Binary traits

We can use a logistic regression to fit the null model for binary traits. That is ignoring random effects in mixed models. Or we can use a generalized linear mixed model to fit the null model and obtain residuals.

Logistic regression

Please run the following code in R

Read in example data sets

library(GRAB)
PhenoFile = system.file("extdata", "simuPHENO.txt", package = "GRAB")
PhenoData = data.table::fread(PhenoFile)

Fit the null model and obtain model residuals

nullmodel = glm(BinaryPheno ~ AGE + GENDER, data = PhenoData, family = binomial(link = "logit"))

ResidMat = data.frame(SubjID = PhenoData$IID,
                      Resid = nullmodel$y - nullmodel$fitted.values)
print(ResidMat)
#         SubjID       Resid
#    1:   Subj-1 -0.05951686
#    2:  Subj-10 -0.13514735
#    3: Subj-100 -0.04760708
#    4: Subj-101 -0.11724359
#    5: Subj-102 -0.05894260
#   ---                     
#  996:     f9_5 -0.04974518
#  997:     f9_6 -0.03809952
#  998:     f9_7 -0.26281321
#  999:     f9_8 -0.03935781
# 1000:     f9_9 -0.18433960

ResidMatFile = system.file("extdata", "ResidMat.txt", package = "GRAB")
data.table::fwrite(ResidMat, file = ResidMatFile, row.names = FALSE, col.names = TRUE, quote = FALSE, sep = "\t")

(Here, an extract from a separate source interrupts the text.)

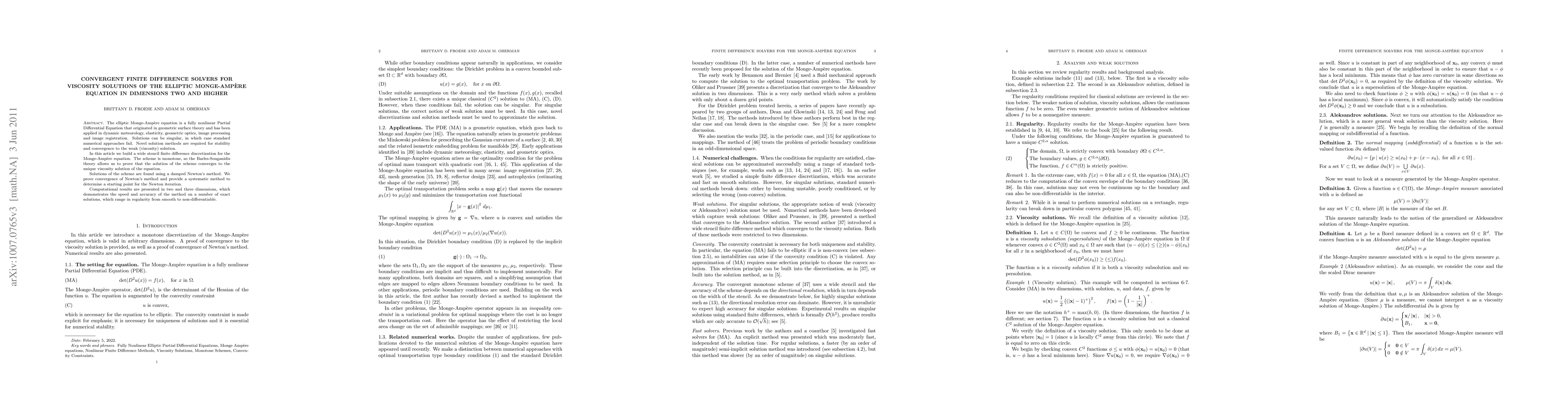 The elliptic Monge-Amp\`ere equation is a fully nonlinear Partial Differential Equation that originated in geometric surface theory and has been applied in dynamic meteorology, elasticity, geometric optics, image processing and image registration. Solutions can be singular, in which case standard numerical approaches fail. Novel solution methods are required for stability and convergence to the weak (viscosity) solution. In this article we build a wide stencil finite difference discretization for the \MA equation. The scheme is monotone, so the Barles-Souganidis theory allows us to prove that the solution of the scheme converges to the unique viscosity solution of the equation. Solutions of the scheme are found using a damped Newton's method. We prove convergence of Newton's method and provide a systematic method to determine a starting point for the Newton iteration. Computational results are presented in two and three dimensions, which demonstrates the speed and accuracy of the method on a number of exact solutions, which range in regularity from smooth to non-differentiable.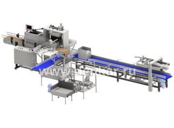 Данная установка оснащена функцией автоматической загрузки продукции внутрь сформированной коробки.

Generalized linear mixed model

In practice, we use SAIGE to fit the null generalized linear mixed model. Here is an example code showing how to use docker to run SAIGE.

Fit the null mixed model

docker run -v /path/to/your/sparseGRM/:/sparseGRMDir \
  -v /path/to/your/pheno/:/phenoDir \
  -v /path/to/your/geno/:/genoDir \
  -v /path/to/your/output/:/outputDir \
  wzhou88/saige:1.1.9 step1_fitNULLGLMM.R \
  --sparseGRMFile=/sparseGRMDir/SAIGE_SparseGRM.txt \
  --sparseGRMSampleIDFile=/sparseGRMDir/SAIGE_SparseGRMSampleID.txt \
  --useSparseGRMtoFitNULL=TRUE \
  --outputPrefix=/outputDir/SAIGE_step1 \
  --plinkFile=/genoDir/simuPLINK \
  --phenoFile=/phenoDir/simuPHENO.txt \
  --traitType=binary \
  --phenoCol=BinaryPheno \
  --covarColList=AGE,GENDER \
  --sampleIDColinphenoFile=IID \
  --isCateVarianceRatio=FALSE \
  --IsOverwriteVarianceRatioFile=TRUE

See SAIGE documentation for more details about these commands.

Load step 1 product and obtain model residuals

Please run the following code in R

load("/path/to/your/output/SAIGE_step1.rda") # please verify your filepath.

ResidMat = data.frame(SubjID = modglmm$sampleID,
                      Resid = modglmm$residuals)
print(ResidMat)
#         SubjID       Resid
#    1:     f1_1 -0.10972010
#    2:     f1_2 -0.10444114
#    3:     f1_3  0.93103287
#    4:     f1_4 -0.06519121
#    5:     f1_5 -0.07512193
#   ---
#  996: Subj-496 -0.07066911
#  997: Subj-497 -0.03410188
#  998: Subj-498 -0.08215333
#  999: Subj-499 -0.07556645
# 1000: Subj-500 -0.11477622

ResidMatFile = system.file("extdata", "ResidMat.txt", package = "GRAB")
data.table::fwrite(ResidMat, file = ResidMatFile, row.names = FALSE, col.names = TRUE, quote = FALSE, sep = "\t")

Note

  • ResidMatFile has the same format regardless of testing $\beta$g or $\tau$g.
  • The column names of ResidMatFile must be exactly SubjID in the first column and Resid in the second column.
  • Each subject should match its corresponding residual.